Borylated 5-Membered Ring Iminosugars: Synthesis and Biological Evaluation for Glycosidase Inhibition and Anticancer Properties for Application in Boron Neutron Capture Therapy (BNCT) - Part 2

Background: The synthesis and biological investigation of pyrrolidine (L-gulo) iminosugars bearing an organic boron pharmacophore in ortho and meta positions of an N-benzyl group is reported. This paper completes the structure–activity relationship data for this novel family of boron-bearing iminosugars. These can establish reversible intramolecular interactions via dative bonding from nucleophilic amino acid side chains to the empty p-orbital of the boron atom. 

Methods: Inhibitory activities against two panels of glycosidases and cancer cell lines were investigated to ascertain structure–activity relationship profiles for these novel iminosugar drug leads. 

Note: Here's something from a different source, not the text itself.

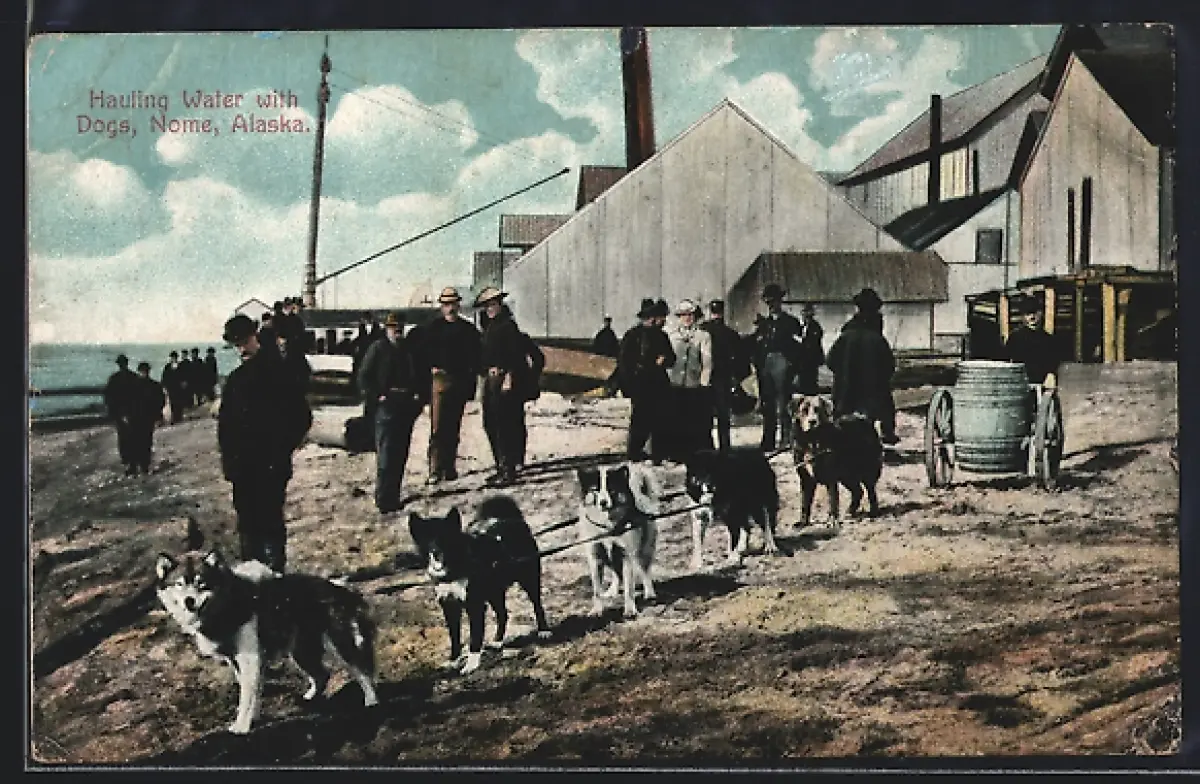 AK Nome, AK, Hauling Water with Dogs

Results: These iminosugars display selective, moderate-to-weak inhibitions (IC ₅₀s = 116–617 μM) of β-D-galactosidase (bovine liver), and indications of inhibition of β-D-glucosidases (almond, bovine liver) (IC ₅₀s = 633 and 710 μM) and α-D-glucosidases (rice, yeast, rat intestinal maltase) (IC ₅₀s = 106–784 μM). The boronic acid group emerges as a useful pharmacophore for management of lysosomal storage disorders via the chaperone-mediated therapy approach. The cancer assays revealed that the A2780 ovarian carcinoma cell line is selectively inhibited by all compounds screened and the MIA-Pa-Ca2 pancreatic carcinoma cell line is selectively inhibited by most compounds. Growth inhibition and GI ₅₀ values were most potent for the meta 7 side-product. 

Conclusions: Beyond the cancer cell line inhibition and dose-response capabilities, the real therapeutic potential of these borylated drugs lies in their switch on/switch off activation under boron neutron capture therapy (BNCT) radiotherapeutic conditions, thus providing an important area of application for borylated monosaccharides.